Thursday, October 30, 2014

Red Rock Canyon National Conservation Area

Thursday, October 9, 2014

Well, I was impressed by the Valley of Fire State Park to the east of Las Vegas. But Red Rock Canyon National Conservation Area on the west side of Vegas left me speechless. Now, I hate to say this after visiting such a beautiful place, but I left my camera in the hotel room, so I did not get any pictures. But follow the links provided at the bottom of this entry and you'll be able to see pictures others have taken, and all of them will be much better than anything I can take.
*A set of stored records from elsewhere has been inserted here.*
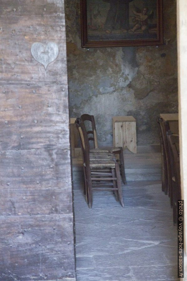 L’intérieur ne se voit qu’à travers l’ouverture dans l’abside.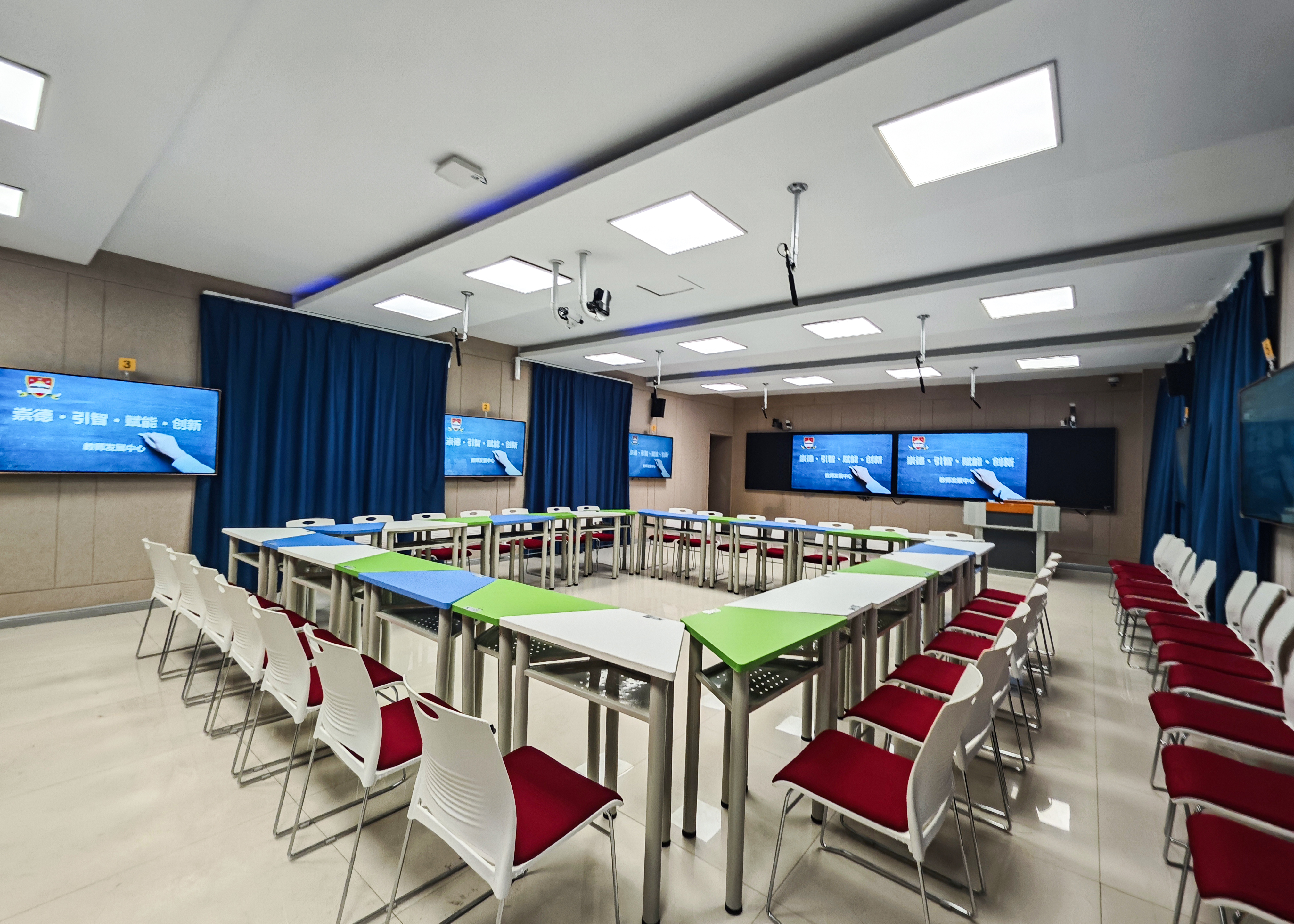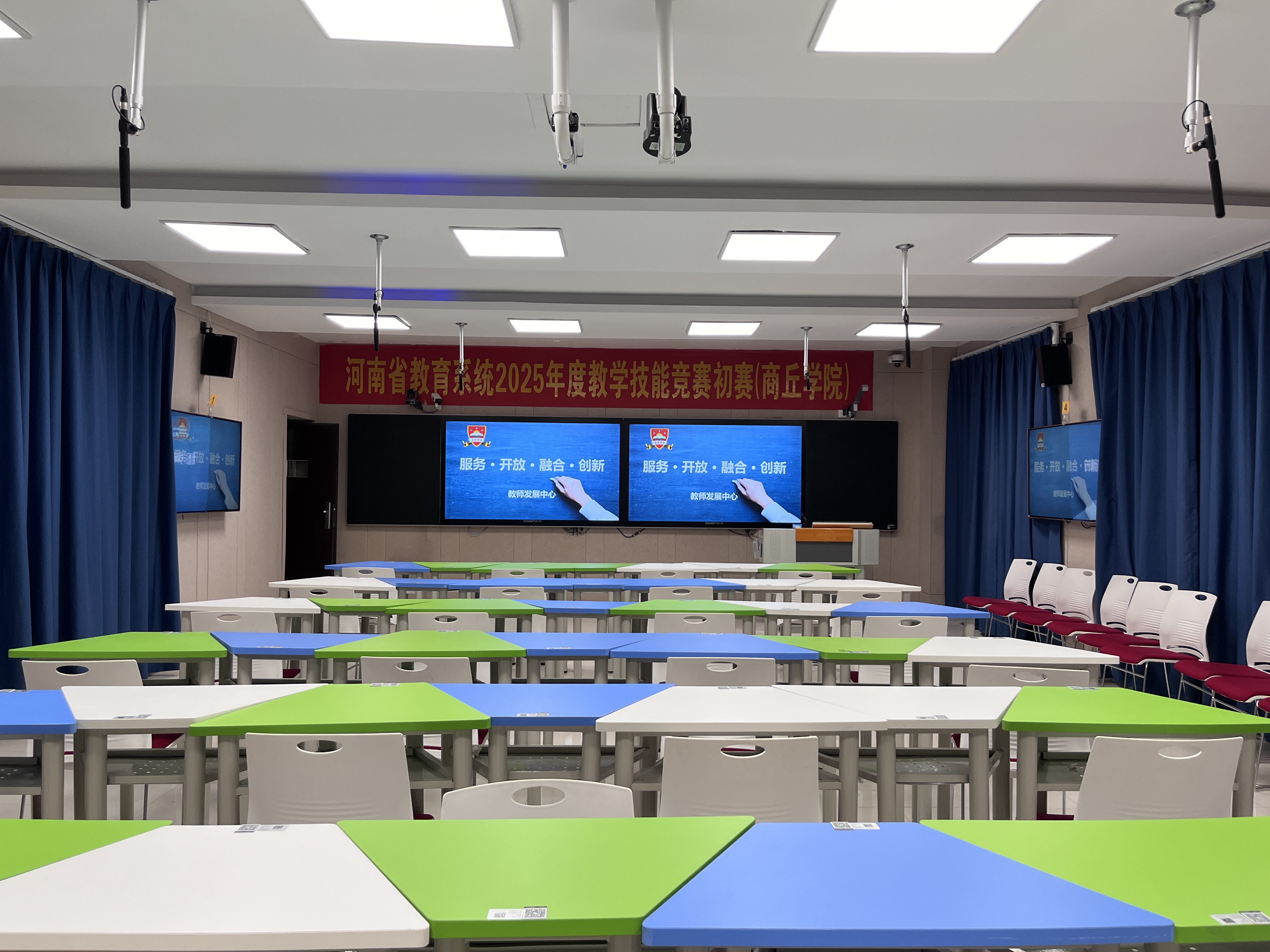 K307:教师培训活动室。教师培训活动室配备了精品录播系统、互动教学系统、多屏互动系统等,有效实现培训和课堂教学中人人交互、人机交互,促进启发式教学、探究式教学、参与式教学等新型教学活动的进行。实现以教学为中心向以学习为中心的变革,以传授知识向能力培养为主的变革,以课堂学习为主向多种学习方式的转变,开启了我校建设智慧教学环境和深化教学改革的新起点。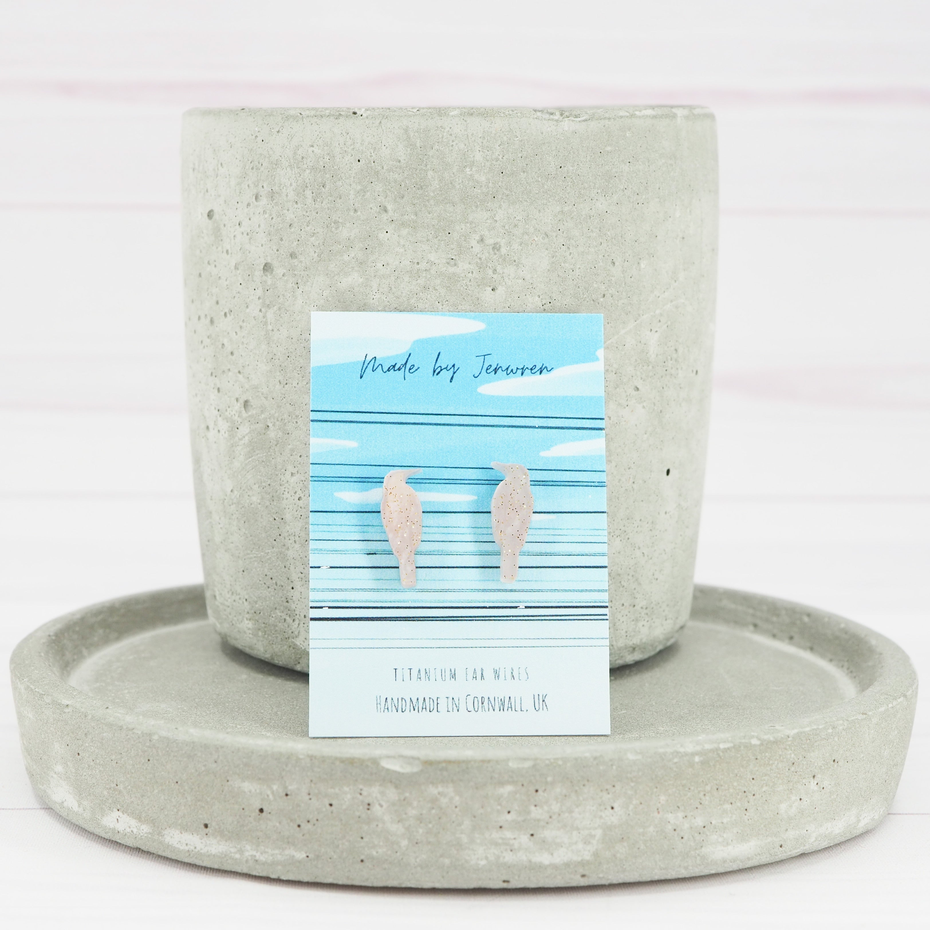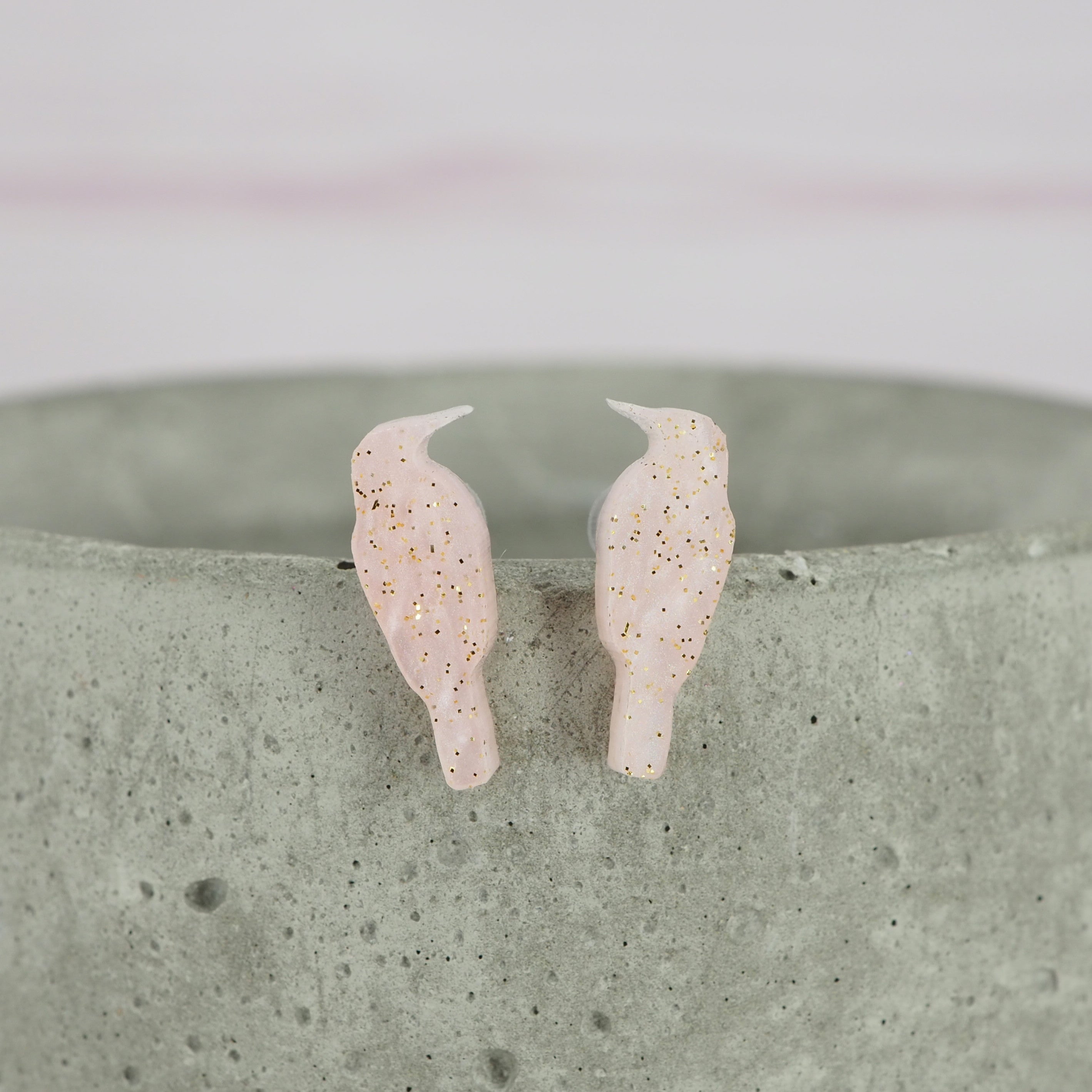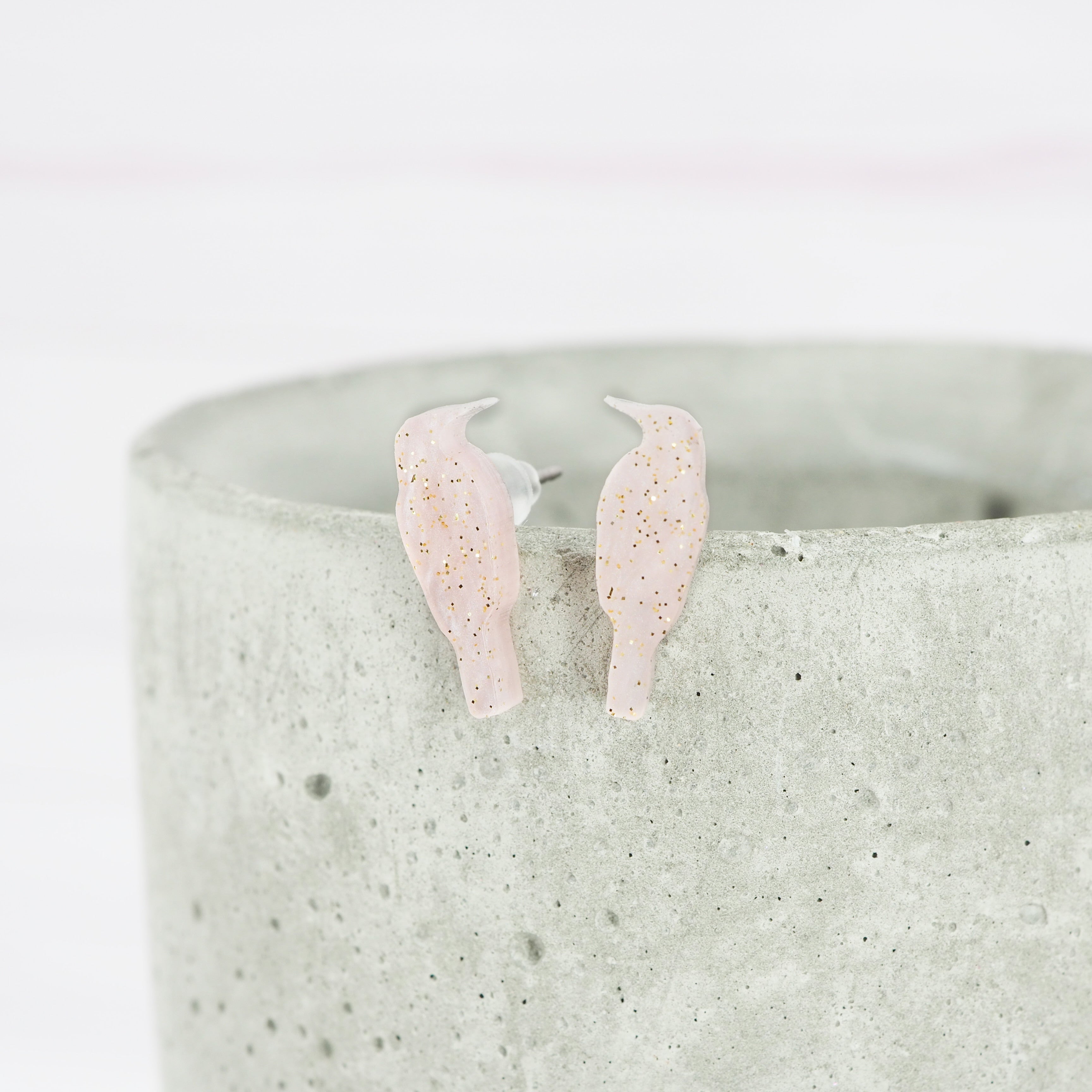 Mini Galaxy Pink lustre crow bird stud earrings.

First of all, getting to Red Rock Canyon was a bit troublesome for me. I consulted Google Maps for the location and found the park to be located on Red Rock Parkway, sometimes called Blue Diamond Parkway. So, with this information in hand, Donna and I left Sam’s Town on the Boulder Highway, took Flamingo west across the Strip to the west side of town, where we hopped on the 215 and headed north for a short distance. There was never any sign with the above roads named. I did, however, notice a smaller brown park sign indicating I needed to take exit 26 to get to Red Rock Canyon. So, I took the exit, but there was no sign at the intersection there. But we felt sure this was the road (Charleston Avenue). So, we headed west out of town on Charleston through attractive new residential sections. The multilane road soon gave way to a two-lane highway, and the entrance to the park is just a few miles farther down the road.

Caution: bicycle riders were out in force on the day we visited the park, even though it was only Thursday. Please watch for them.

As you approach the park, you know you are in for a treat for the colors of the hills ahead of you come to life.

As with the Valley of Fire, this park is well-maintained and well-planned. The park is huge, almost 200,000 acres. After you enter the park, pass through the multi-booth pay station. We were able to use our senior National Parks Pass (which only cost us $10 at the time we bought it and is good for life) to gain free admittance to the park. Without a pass, the daily fee is $7. 

Just inside the pay station is a Visitor Center. From this point on, this is a one-way road moving in a counter-clockwise direction. This scenic loop road of about 13 miles loops up the east side of the canyon then curves to come back along the west side of the canyon. It only covers a fraction of the park.

There are numerous points of interest along the loop, many with restrooms and picnic facilities. Hiking trails are abundant. Speed limit tops out at 35 mph although many stretches are greatly reduced. Watch for bike riders throughout the loop.

We hope to return some day and do a bit of hiking. According to the literature we picked up at the gate, there are 19 trails in the park, ranging from .75 miles to 6 miles. Hike ratings vary from easy to strenuous. There are also more than 2,000 rock climbing routes available. In fact, it is one of the top 5 rock climbing destinations in the country.